The New Zealand dollar is falling strongly, and the Central opens the door to further easing
The New Zealand dollar fell to its lowest levels in four months, influenced by the decision of the Reserve Bank of New Zealand (RBNZ) to cut interest rates by a quarter point as expected, but with more hawkish hints than the market expected, as the New Zealand Reserve left the door open for a new round of monetary easing in the coming months, prompting the New Zealand currency to decline by more than 1%.
Decision and forecast: reduction and threat of further cuts
In a move aimed at supporting economic growth, the central bank cut the official interest rate by 25 basis points to 3.0%, the lowest level it has recorded in three years.
This decision marks the seventh consecutive cut since August 2024, bringing the total interest rate cut during this cycle to 250 basis points.
And it was not the decision itself that was the big surprise, but the expectations and the language that surrounded it.
The bank has lowered its minimum interest rate forecast to 2.55%, from the 2.85% it had forecast last May, indicating that the corrective path is not over yet.
A split within the commission and a tendency towards sharp easing
Even more worrying was the split of the members of the 6-member Monetary Policy Committee, with two members voting in favor of an even larger 50 basis point cut.
This split is a strong signal that there is real concern within the bank about the health of the economy, and that there are strong tendencies towards adopting a more aggressive monetary policy to counter the expected slowdown.
The reason for pessimism: a comprehensive review of economic forecasts
The main reason for this accommodative attitude lies in the bank's pessimistic outlook towards domestic economic prospects.
In a move that reflects a clear decline in confidence, the bank made widespread and substantial cuts to its forecasts on several key indicators, most notably:
- Growth of gross domestic product.
- The unemployment rate.
- Growth of private sector wages.
This downward revision means that policymakers feel the need to act quickly and more aggressively to prevent further deterioration.
What's next Interest path forecasts
Against this background, market expectations have become clear: the probability of another cut at the next October meeting is estimated at about 50%, while a new cut is almost certainly expected (by more than 100%) in November, unless the economic data witness a sudden and unexpected improvement.

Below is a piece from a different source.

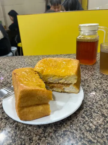 🧭新鸿发咖啡美食• 澳门 高士德🍴高士德贾伯乐提督街55A号地舖久违黎到澳门一游 都要去下澳门旧式茶餐厅 一入门口就感觉到地方小 但食既系风情同美食仲有旧式好多唔同种类既面包,下次有机会再试!居然有忌廉宾😍超厚西多士⭐️⭐️⭐️⭐️⭐️呢个岩哂行到攰攰地,去食个轻量既下午茶!第一次食咁厚,开头怕会好硬,点知食落好软熟。一啖接一啖 好快就食完有啲唔够喉添牛肉炒通心粉⭐️⭐️⭐️⭐️一上枱已经好香,简直色香味俱全。但食到最尾系有小小咸🤣但饮杯野就prefect!菠萝猪扒包⭐️⭐️⭐️呢个都有小小失望,因为较为普通。个包同猪扒未到热 但惊喜既佢有蛋同芝士系中间包住,食落都无咁口干 有啲特别既。但如果热啲同猪扒多汁啲会好啲。海鲜炒饭⭐️⭐️⭐️⭐️呢个反而普通得黎又有啲记忆点。开头见佢无乜色 以为好淡味。但食落好够味,而且feel到系有镬气的。所以好香而且好足料,差唔多每啖都会咬到有海鲜系入面。📌温馨提示:佢都比较早close, 无做晚市的,所以推荐作为下午茶口痕去食小小 几多人share🥰#macau #foodstagram #foodie #cafe #茶餐厅 #澳门 #澳门美食 #怀旧 #下午茶 #经典 #美食推荐#西多士 #炒通粉 #猪扒包
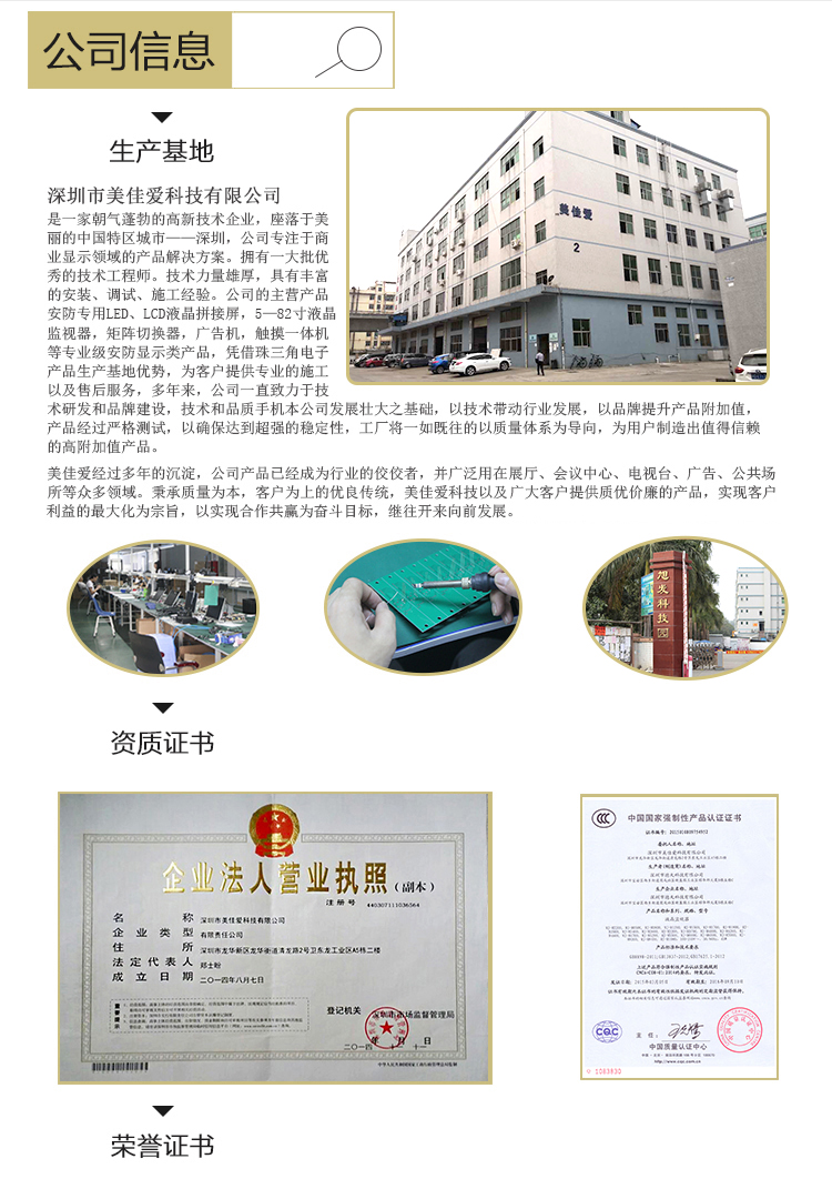 【深圳市美佳愛(ài)-液晶廣告機(jī),觸摸一體機(jī)生產(chǎn)廠家電話400-997-9971】49寸紅外觸摸一體機(jī)(安卓/壁掛)產(chǎn)品通過(guò)ISO9001_3C認(rèn)證,主營(yíng)多點(diǎn)紅外/電容式觸摸屏一體機(jī),觸控查詢一體機(jī),其他尺寸18.5寸21寸24寸27寸32寸40寸43寸46寸49寸55寸65寸75寸86寸98寸100寸多功能多媒體教學(xué)會(huì)議一體機(jī),戶外立式/壁掛雙面廣告機(jī),單機(jī)版/安卓網(wǎng)絡(luò)廣告機(jī) 豎屏樓宇電梯廣告機(jī),長(zhǎng)條型屏,工業(yè)級(jí)工控電腦觸摸顯示器,大尺寸觸摸屏查詢系統(tǒng),商顯平板電腦電視,提供報(bào)價(jià)價(jià)格,安裝施工,售后維修等

Market reaction: the dollar is falling, bonds are rising
The market reaction was immediate and sharp.
The New Zealand dollar (NZD) fell by more than 1%, trading near 0.5830 US dollars, the lowest rate recorded since mid-April.
In contrast, government bond prices have seen a sharp rise, as investors turn to safe havens expecting the low interest rate environment to last longer.
In the end, the RBNZ seems to be sending a clear message that the health of the local economy is ahead of its priorities on the strength of the currency. With the pessimistic outlook continuing and room for further cuts, the New Zealand dollar is likely to remain under pressure in the near term.